### Work task
Below are records; the lines starting at the one with "금융 클라우드는 추진" and ending at the one with "네이버톡에서 채팅방에 들어가면" must be reproduced exactly, both included. Pictures must not appear.

### Dataset records

········

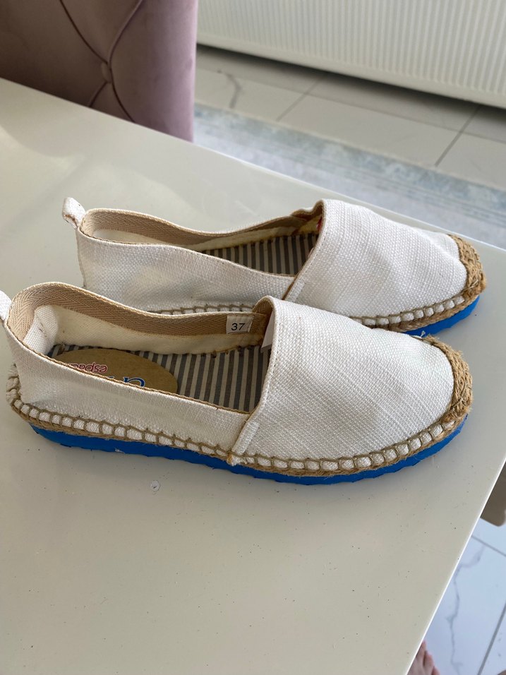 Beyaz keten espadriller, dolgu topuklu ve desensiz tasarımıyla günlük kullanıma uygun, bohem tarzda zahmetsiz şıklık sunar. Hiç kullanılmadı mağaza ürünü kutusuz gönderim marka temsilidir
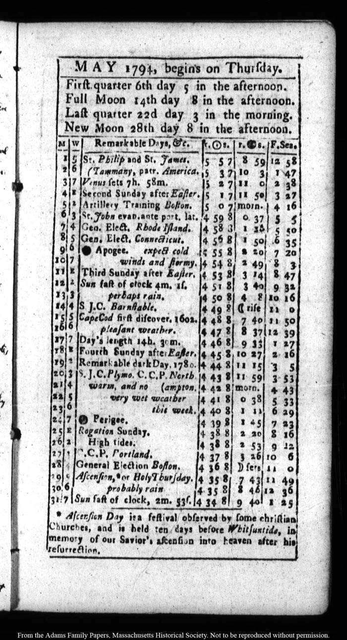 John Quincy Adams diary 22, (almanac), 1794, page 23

········

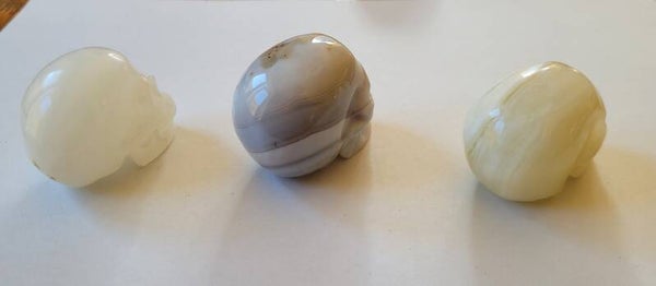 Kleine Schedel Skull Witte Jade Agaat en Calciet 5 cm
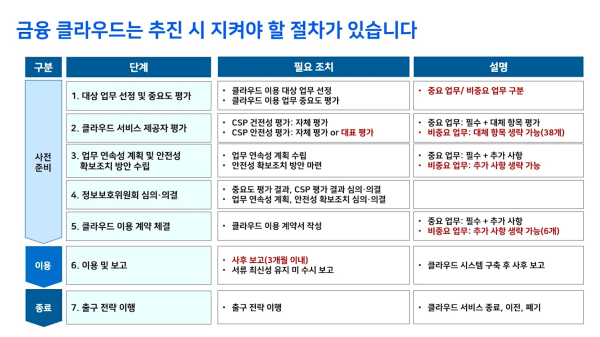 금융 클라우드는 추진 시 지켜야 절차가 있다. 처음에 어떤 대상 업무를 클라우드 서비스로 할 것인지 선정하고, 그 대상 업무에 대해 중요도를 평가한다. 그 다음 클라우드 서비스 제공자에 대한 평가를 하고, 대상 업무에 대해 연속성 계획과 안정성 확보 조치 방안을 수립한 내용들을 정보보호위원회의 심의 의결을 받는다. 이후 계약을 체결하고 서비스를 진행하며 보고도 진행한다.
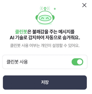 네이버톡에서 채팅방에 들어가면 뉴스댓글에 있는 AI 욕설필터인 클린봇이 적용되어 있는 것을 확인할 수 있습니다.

········

### Solution for this exercise
 금융 클라우드는 추진 시 지켜야 절차가 있다. 처음에 어떤 대상 업무를 클라우드 서비스로 할 것인지 선정하고, 그 대상 업무에 대해 중요도를 평가한다. 그 다음 클라우드 서비스 제공자에 대한 평가를 하고, 대상 업무에 대해 연속성 계획과 안정성 확보 조치 방안을 수립한 내용들을 정보보호위원회의 심의 의결을 받는다. 이후 계약을 체결하고 서비스를 진행하며 보고도 진행한다.
 네이버톡에서 채팅방에 들어가면 뉴스댓글에 있는 AI 욕설필터인 클린봇이 적용되어 있는 것을 확인할 수 있습니다.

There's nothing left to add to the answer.